Maybe you could post some pictures.

S-


----------



## necromantica (Sep 30, 2008)

lol haha verry funny


----------



## Giosan (Sep 30, 2008)

Mobytimus Dickotimus? Herman Melville? Lol :lol:


----------



## sidewinder (Sep 30, 2008)

necromantica,

Seriously, in regards to the female, that is awful big for a any mantid, much less one found in the wild in Oregon. Can you get some pictures of both and post them?

S-


----------



## necromantica (Sep 30, 2008)

ok hold on ill have pics up in a second


----------



## Rick (Sep 30, 2008)

You didn't find a ten inch mantid or even a eight inch mantid. I know of none that match what you describe.


----------



## necromantica (Sep 30, 2008)

lol well whatever heres the pics their a lil shitty cause I dont want to move her she seems really lethargic, mabie Im off on measurements or something im just trying to get some help not start an epic debate lol. im just trying to figure out whats going on with her im worried.

heres the pics ps sorry about my bfs reflection in the glass i know he looks creepy lol.

this is the male:







this is the female:

shes in a position where its hard to take pics so hopefully shell move by tomorrow ^^











but from what you can see here her abdomen does seem oddly big but im not an expert


----------



## sidewinder (Sep 30, 2008)

If the females is around 4" long, I would guess she is a brown Chinese mantis (T. sinensis). None of the other native species get that big.

S-


----------



## necromantica (Sep 30, 2008)

sidewinder said:


> If the females is around 4" long, I would guess she is a brown Chinese mantis (T. sinensis). None of the other native species get that big.S-


lol no way shes that small thats about what the green one is if she is a chinese though since that would be most probable isnt their also a probability she could just be a lil over the average size, from what ive read its normal for females to be larger then males. I should just invest in a ruler or something lol.


----------



## sidewinder (Sep 30, 2008)

An old girlfriend told me that men have distorted view of anything in the 4 to 7 inch range. She said they always overestimated size by at least 2 inches...

Hmmm...

S-


----------



## necromantica (Sep 30, 2008)

ok well apart from sizing back to the question at hand the reason I posted this:

shes being lethargic and just laying their shes done nothing but pulse her abdomen like heavy breathing since about 2 this afternoon that was 12 hours ago

should I be worried??


----------



## ismart (Sep 30, 2008)

Those are both european mantids, ( Mantis religiosa).
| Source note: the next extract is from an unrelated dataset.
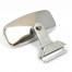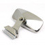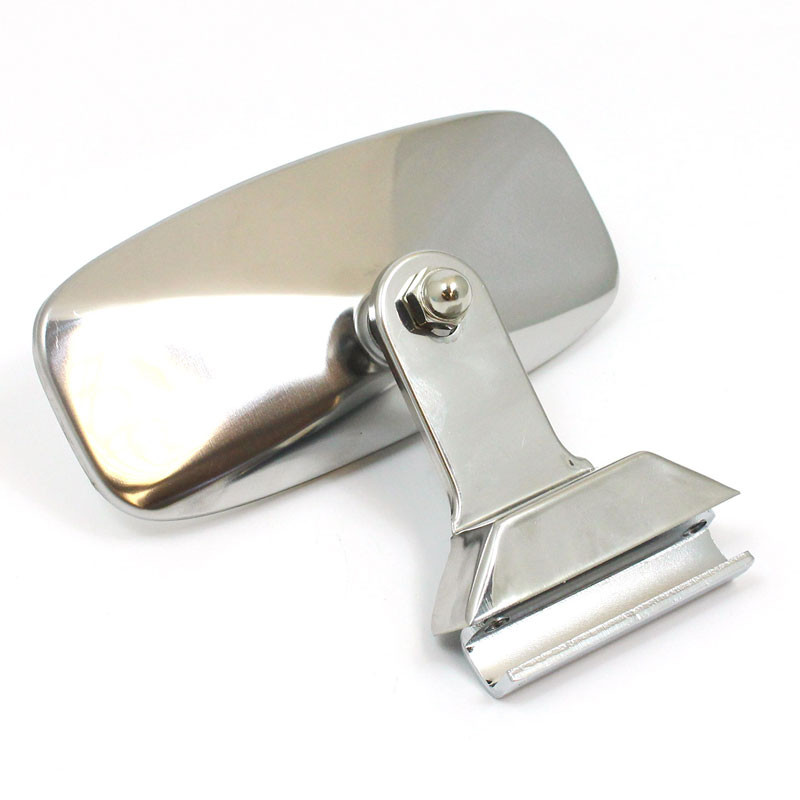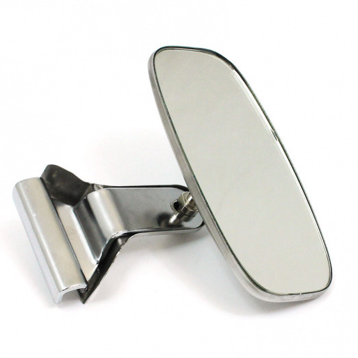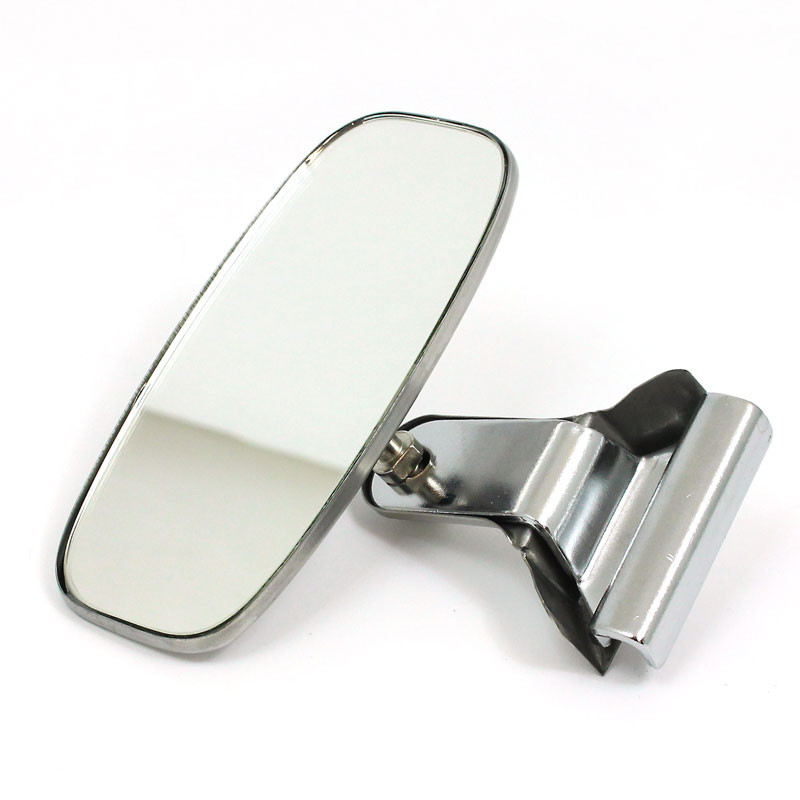 Quarterlight glass type clamp on stainless steel mirror. CONVEX glass 115mm x 73mm, with stainless steel mirror back and straight bracket. Two screws nip the assembly to the edge of the opening quarterlight, to suit either the right hand or left hand side.

Do they have black dots on the inside of there forearms?

Shes probally already been mated.

It would seem she cant surport her own weight. Maybe after she lays an ooth she will be in better climbing shape.


----------



## idolomantis (Sep 30, 2008)

According to what ismart said, does the green male looks like this?






if os, it is a mantis religiosa.


----------



## necromantica (Sep 30, 2008)

idolomantis said:


> According to what ismart said, does the green male looks like this?
> 
> 
> 
> ...


yes that looks EXACTLY like him


----------



## necromantica (Sep 30, 2008)

ismart said:


> Those are both european mantids, ( Mantis religiosa).Do they have black dots on the inside of there forearms?
> 
> Shes probally already been mated.
> 
> It would seem she cant surport her own weight. Maybe after she lays an ooth she will be in better climbing shape.


thanks thats what i had thought but i wasnt sure, i was just worried if she mighta been ill. do you think her constant rapid breathing or moving her abdomen really rapidly she could be preping to build some eggs shes allways moving it up n down up n down all yesterday and today


----------



## sidewinder (Sep 30, 2008)

We still need to see better pictures of the female along with a more accurate size estimate before we can say what species she is.

S-


----------



## Rick (Sep 30, 2008)

They are nearing the end of their lives so that is probably why she is acting the way she is. Lol at 10". Probably not even four.


----------



## idolomantis (Sep 30, 2008)

necromantica said:


> yes that looks EXACTLY like him


Then it clearly is mantis religiosa.

And BTW did you mean 10cm insteed of 10"


----------



## kamakiri (Oct 1, 2008)

Just make shure the girl is well fed. Fatty-fat mantises make bigger ooths.

Please let me know if you want to sell the male...


----------



## necromantica (Oct 2, 2008)

kamakiri said:


> Just make shure the girl is well fed. Fatty-fat mantises make bigger ooths. Please let me know if you want to sell the male...


lol well cant say I need him, since shes prego and all, I also found out they seem to be comming from the field behind my house i walked by and found a black and brown prego female and another green prego female just like the male both hanging out on some tarp.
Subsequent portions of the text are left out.